There was an article about “The Italian Fairy” – Italian culture for children; and a new multimedia ecology show “Sempreverde, which means “Evergreen” – I had seen this show and thought it was fantastic! – also articles on domestic violence; Renaissance studies in New York; my home town, Turin; one about young Italians who meet up in New York; one on the Mafia and even one about buying a piece of land on the Moon.
My students chose the article that most appealed to them. I told them to read it closely and then write two paragraphs about the main idea of the articles. Success! They did this assignment well and seemed to be interested.
Next lesson – I wanted to talk about the Italian singer Zucchero, but no one was paying attention until I announced “ Now, search on your cellphone – “Zucchero”. Then each of you can tell the class what you found out”. Suddenly they were all smiles -“cellphone? you mean we can search on our cellphones?” For them the cellphone is like a bodily extension, a permanent part of their hands. Professors never succeed in making them put their cellphones away during classes; so I had to repeat “Yes, use your cellphones! They are amazingly adept at finding obscure details in an instant. So in less than five minutes we were overwhelmed with intriguing information about Zucchero.
Seeing the success of the “cellphone”, I told them to go directly to the website of “La Voce di New York” and choose a topic from the various sections – Culture, Politics, Current Events etc – find something that interested them, and then tell the class what it was all about.
In my opinion this Italian online newspaper – the “Voice of New York”- is fantastic! First of all it doesn’t cost anything; it’s easily accessible, and it also has an archive of past articles so that the range of choices is huge. These articles are written in a fluent modern Italian, avoiding journalese and archaisms. so students can read and understand them fairly easily.

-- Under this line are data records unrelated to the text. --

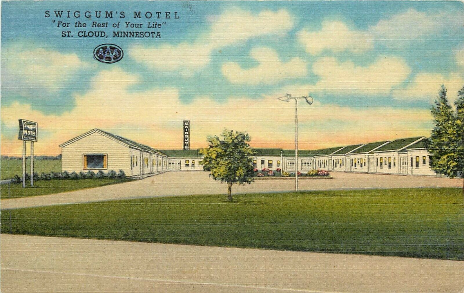 LInen Roadside Postcard; Swiggum's Motel, St. Cloud MN Curt Teich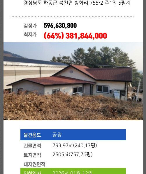 하동공장경매 하동군 진교면 안심리 산48 주1외 5필지 №2023 타경 34677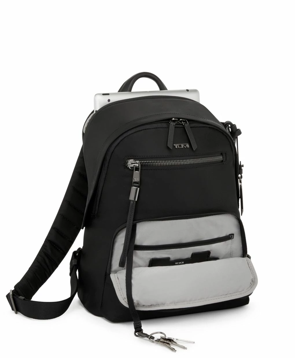 - Padded adjustable backpack straps with D-ring & loop compatible with select TUMI+ accessories*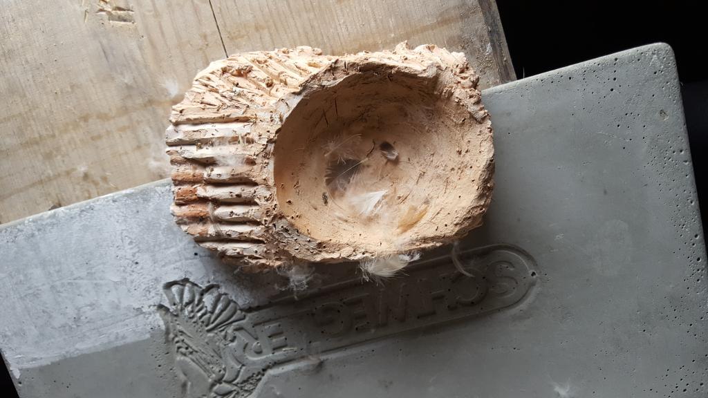 Ich habe auch noch was selbst getöpfertes als Nistmulde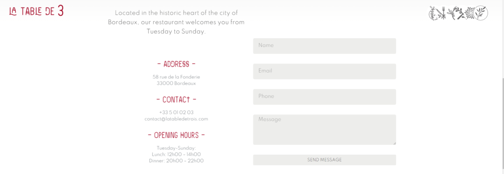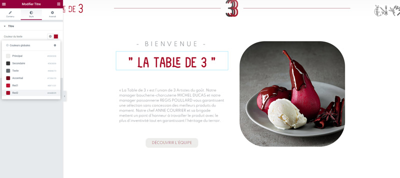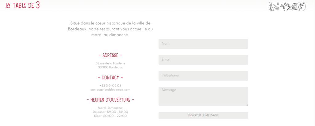 Réalisation sur le CMS WordPress, à l’aide du builder Elementor et du plugin Polylang, d’un site web multilingue (français – anglais) pour le restaurant La Table de 3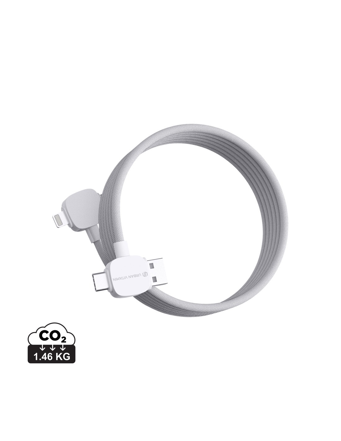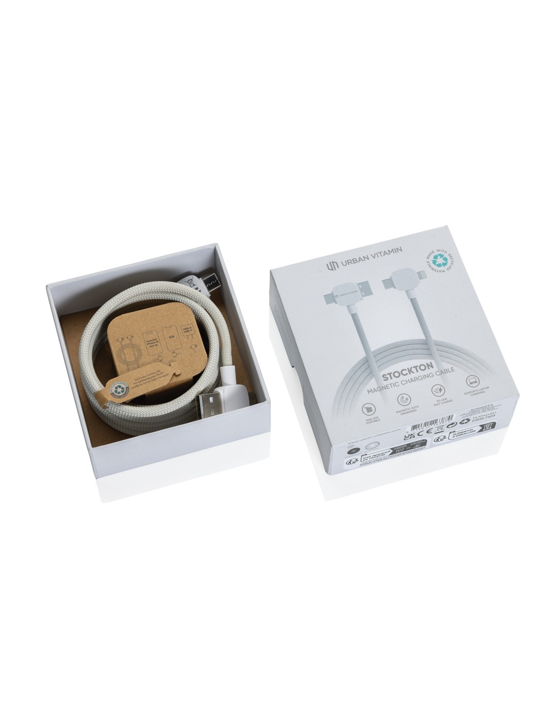 Det ultimative 120 cm magnetiske opladningskabel til problemfri tilslutning og uovertruffen bekvemmelighed! Sig farvel til sammenfiltrede kabler med Stockton, der er designet til at revolutionere din ladeoplevelse. Dets magnetiske design forenkler kabelorganiseringen, forhindrer sammenfiltrede kabler og er mobilt, så du kan have det med overalt. Stockton passer til din livsstil på farten og tilbyder både USB Type-C- og USB-A-indgange, hvilket sikrer kompatibilitet med forskellige enheder. Med iOS- og Type-C-udgange er det alsidigt nok til at oplade din iPhone, Android-enhed eller laptop! Stockton er ikke bare et opladningskabel; det er din løsning til problemfri dataoverførsel, lynhurtig synkronisering af filer, fotos og musik mellem enheder. Med en robust opladningskapacitet på 65 W er det en game-changer for både mobile enheder og bærbare computere. Stockton er fremstillet af RCS-certificeret (Recycled Claim Standard) genanvendt ABS. Samlet genanvendt indhold: 55 % baseret på varens

As for the words they don’t know, they can use the automatic translator and find out the meaning immediately!
I’m eager to share my experience, and I would like to open a dialogue or a blog with other professors and students, to see if we can come up with new methods and ideas that are effective for learning a foreign language in this constantly changing world, where books are already old even before they get published. In the Fall I should like to do a “pilot-class” in which students choose a subject and then create their own book in Italian, looking up information and pictures on different sites…
Last night I saw a documentary on “NOVA-Science” (PBS) about different types of intelligence. They showed a kind of plant moss, each cell of which is not particularly “intelligent” at the individual level, but these cells work symbiotically all together, and they have a collective intelligence comparable to our own. Ants, bees and certain types of migratory birds share similar kinds of collective intelligence.
I wonder: “Could these student Mutants, always connected among themselves, and now in touch with the whole world, be the “collective intelligence” of the future?” Perhaps after the development in our time of individualism to its extreme – which has among its consequences – tyranny and wars, life is evolving a collective human intelligence to make us more aware of our fundamental unity –as all spiritual traditions teach – and maybe make us finally aware that if we destroy our “Spaceship Planet” we destroy ourselves with our Mother Earth.
*Caterina Bertolotto, graduated in Turin, Italy. She has been teaching Italian at The New School for many years. Caterina is also an artist and has done many collaborations in the areas of theater, dance and opera.